*EXERCISE DESCRIPTION:*
Exactly the lines from the beginning of the records to the line with "Eleven cans of", both ends included, are to be given again, and pictures are to be left out.

*THE DATA:*

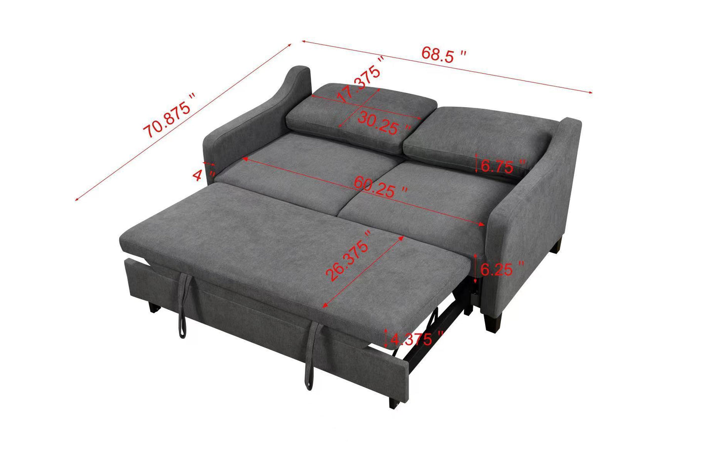 - CONVERTIBLE PULL-OUT SOFA BED:This sofa is equipped with a pull-out bed, which can be pulled out with 2 auxiliary hand straps to easily and quickly convert the loveseat into a chaise longue or a sleeping bed. Not only can it meet your needs for watching TV, playing games, or taking a break, but it can also provide a place to stay for overnight friends. It is very practical for a limited small space.
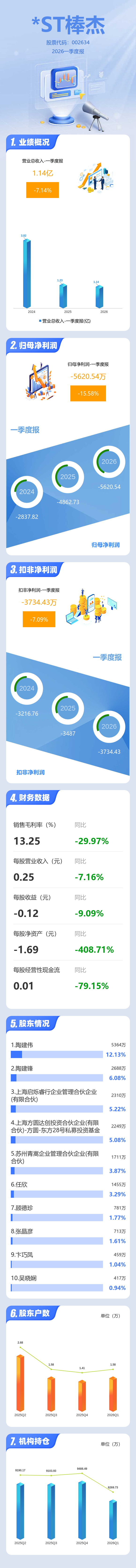证券之星消息,*ST棒杰2026年一季报显示,一季度公司主营收入1.14亿元,同比下降7.15%;归母净利润-5620.54万元,同比下降15.58%;扣非净利润-3734.43万元,同比下降7.1%;负债率147.93%,投资收益91.19万元,财务费用1969.73万元,毛利率13.25%。
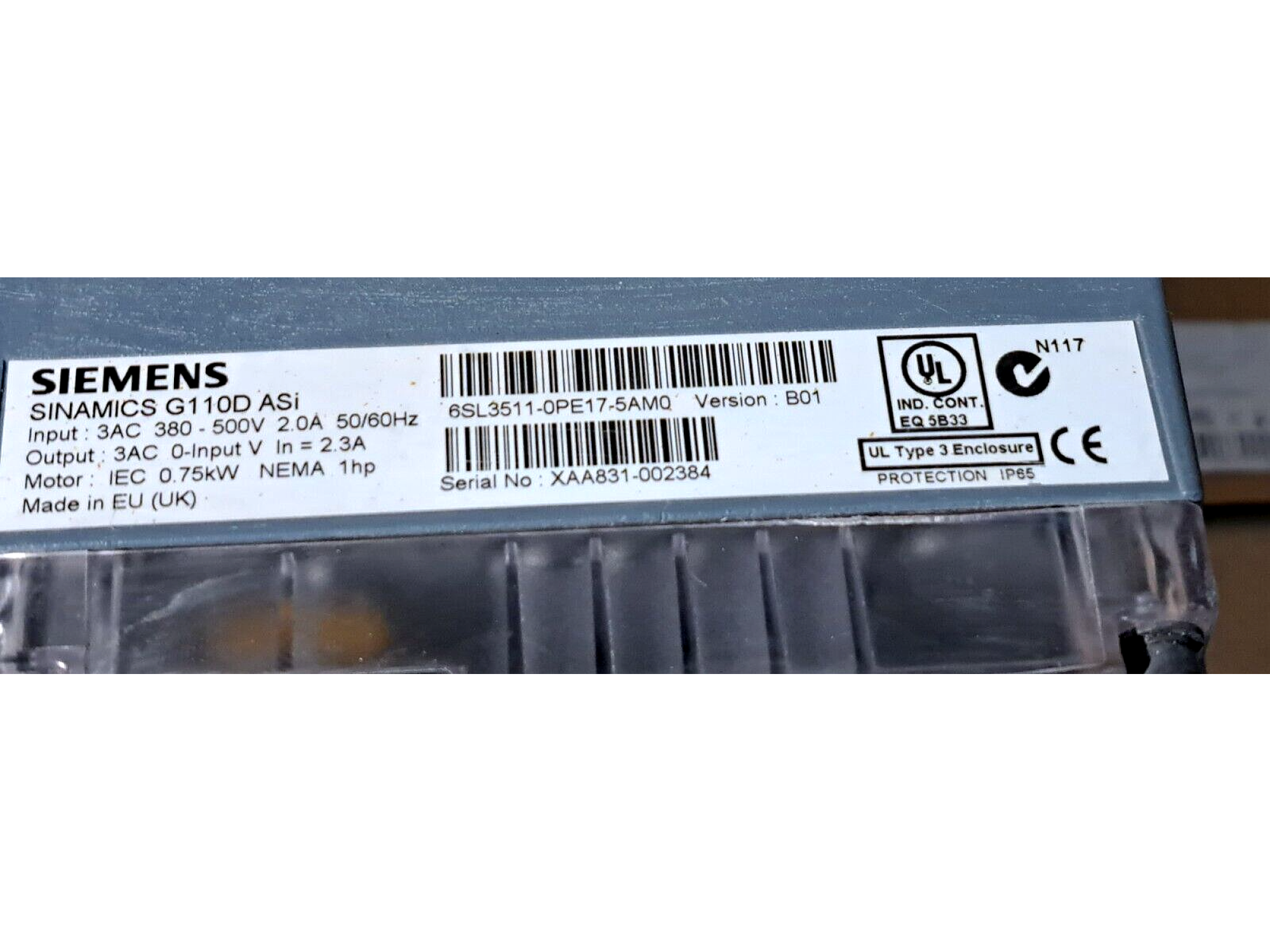 Siemens 6SL3511-0PE17-5AM0 G110D Distributed Frequency Inverter, 0.75kW / 1hp, IP65
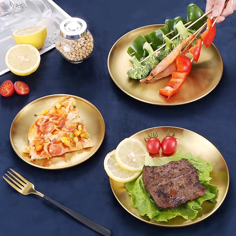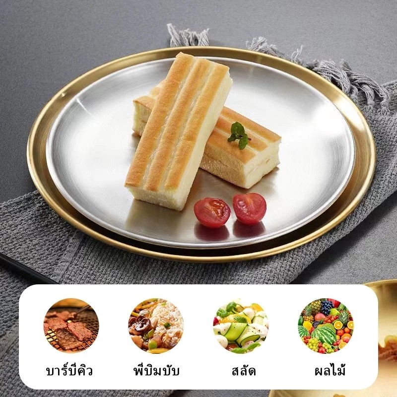 จานสแตนเลส สีเงิน/สีทอง
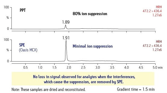 在有些情況下,源自樣品基質(zhì)的干擾物可能會增加某種化合物的信號,這叫做離子增強(qiáng),可導(dǎo)致響應(yīng)值偏高。適當(dāng)?shù)腟PE方法可通過將干擾物與該化合物分離開來而最大限度減弱這種效應(yīng),從而使響應(yīng)值更準(zhǔn)確。
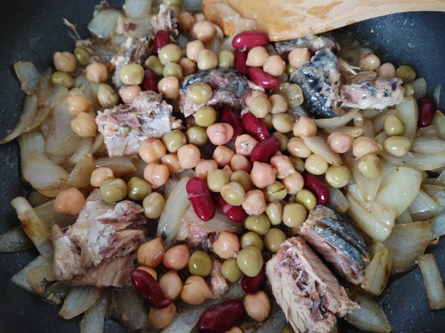 ③ 玉ねぎが色づいたらいったん火を止め、サバ缶を汁ごと加える。サバ缶は好みの大きさにほぐす。
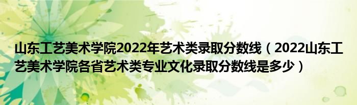 大家好,乐儿来为大家解答以下问题,山东工艺美术学院2022年艺术类录取分数线,2022山东工艺美术学院各省艺术类专业文化录取分数线是多少很多人还不知道,现在让我们一起来看看吧!
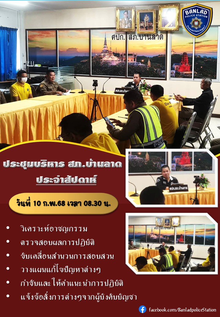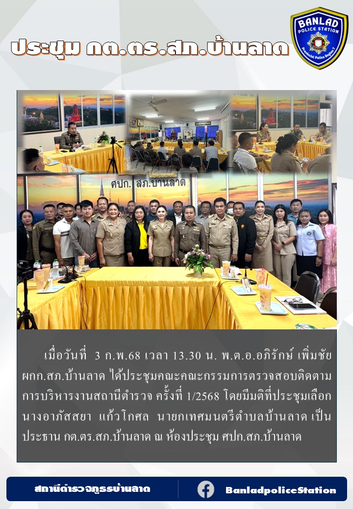 เมื่อวันที่ 3 ก.พ.68 เวลา 13.30 น. พ.ต.อ.อภิรักษ์ เพิ่มชัย ผกก.สภ.บ้านลาด ได้ประชุมคณะคณะกร
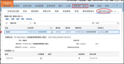 登录C4C ,打开“销售”->“销售目标计划”视图。
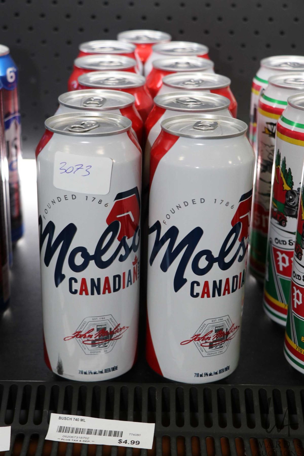 Eleven cans of Molson Canadian beer 710ml / 5% ABV Note: Alcohol cannot be insured by any courier in Canada. Local pick up is recommended. Canadian bidders only
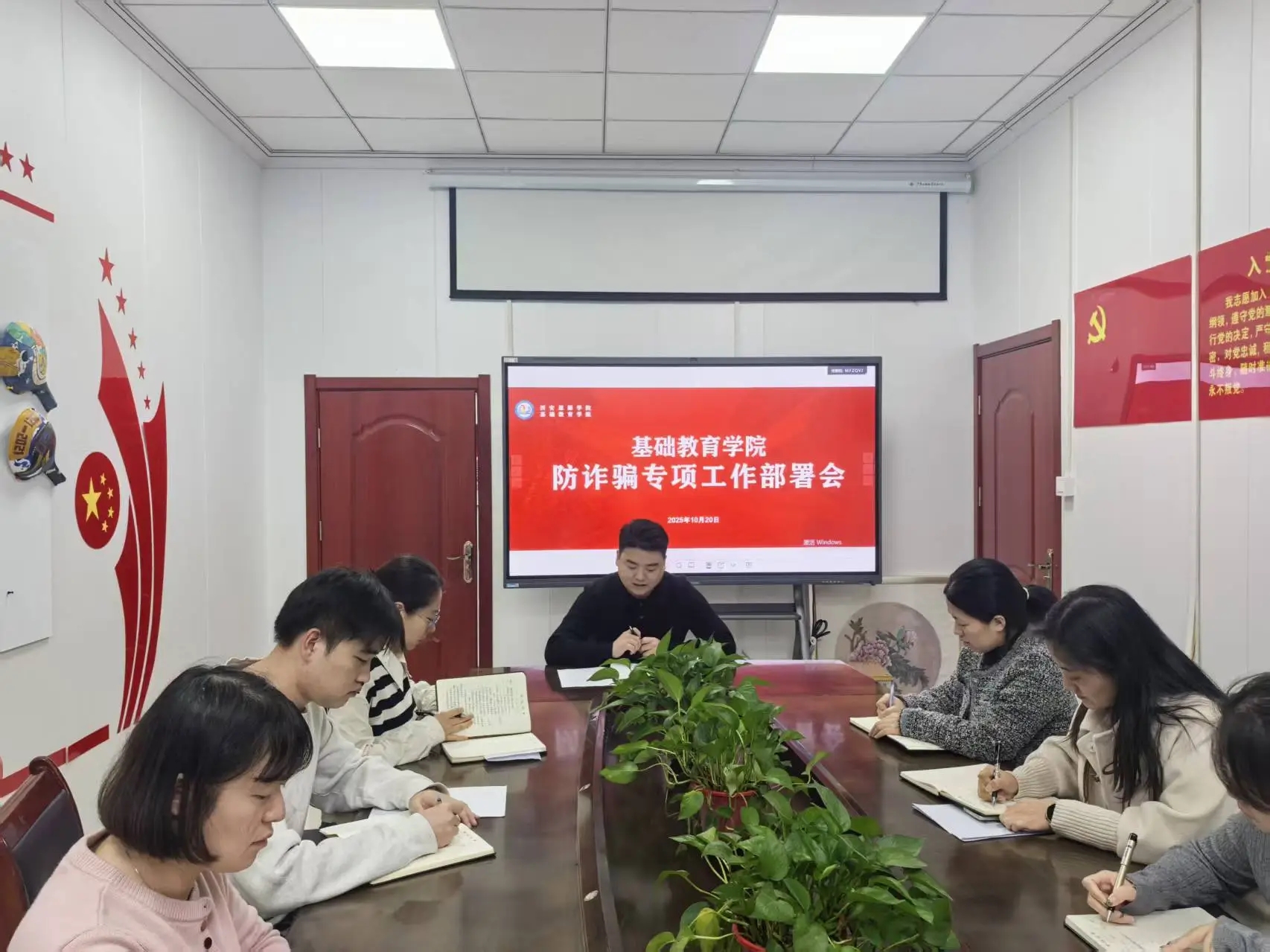 基础教育学院党委副书记、学管副院长李贵军深刻意识到当前诈骗形势的严峻性与复杂性,深知防诈骗工作的重要性和紧迫性。为确保防诈骗工作能够取得切实有效的成果,基础教育学院党委副书记、学管副院长李贵军专门组织并主持召开防诈骗工作部署会议。会上,基础教育学院党委副书记、学管副院长李贵军着重强调,防诈骗工作不仅关系到每一位学生的切身利益,更是学院整体安全稳定工作的关键组成部分。他要求全体辅导员必须提高思想认识,明确自身责任,将防诈骗教育内容系统地纳入到日常教学和学生的管理工作中去,努力营造一个全员参与、齐抓共管的良好工作氛围。此外,基础教育学院党委副书记、学管副院长李贵军还指出,要不断创新和改进宣传教育的方式方法,紧密结合实际发生的诈骗案例,采用通俗易懂的语言和形式,向广大学生普及防诈骗的相关知识,切实提升学生的防范意识和应对各种诈骗手段的能力。通过这些措施,力求构建一个安全、和谐的校园环境,保障学生的合法权益不受侵害。

*EXPECTED OUTPUT:*
 - CONVERTIBLE PULL-OUT SOFA BED:This sofa is equipped with a pull-out bed, which can be pulled out with 2 auxiliary hand straps to easily and quickly convert the loveseat into a chaise longue or a sleeping bed. Not only can it meet your needs for watching TV, playing games, or taking a break, but it can also provide a place to stay for overnight friends. It is very practical for a limited small space.
证券之星消息,*ST棒杰2026年一季报显示,一季度公司主营收入1.14亿元,同比下降7.15%;归母净利润-5620.54万元,同比下降15.58%;扣非净利润-3734.43万元,同比下降7.1%;负债率147.93%,投资收益91.19万元,财务费用1969.73万元,毛利率13.25%。
 Siemens 6SL3511-0PE17-5AM0 G110D Distributed Frequency Inverter, 0.75kW / 1hp, IP65
 จานสแตนเลส สีเงิน/สีทอง
 在有些情況下,源自樣品基質(zhì)的干擾物可能會增加某種化合物的信號,這叫做離子增強(qiáng),可導(dǎo)致響應(yīng)值偏高。適當(dāng)?shù)腟PE方法可通過將干擾物與該化合物分離開來而最大限度減弱這種效應(yīng),從而使響應(yīng)值更準(zhǔn)確。
 ③ 玉ねぎが色づいたらいったん火を止め、サバ缶を汁ごと加える。サバ缶は好みの大きさにほぐす。
 大家好,乐儿来为大家解答以下问题,山东工艺美术学院2022年艺术类录取分数线,2022山东工艺美术学院各省艺术类专业文化录取分数线是多少很多人还不知道,现在让我们一起来看看吧!
 เมื่อวันที่ 3 ก.พ.68 เวลา 13.30 น. พ.ต.อ.อภิรักษ์ เพิ่มชัย ผกก.สภ.บ้านลาด ได้ประชุมคณะคณะกร
 登录C4C ,打开“销售”->“销售目标计划”视图。
 Eleven cans of Molson Canadian beer 710ml / 5% ABV Note: Alcohol cannot be insured by any courier in Canada. Local pick up is recommended. Canadian bidders only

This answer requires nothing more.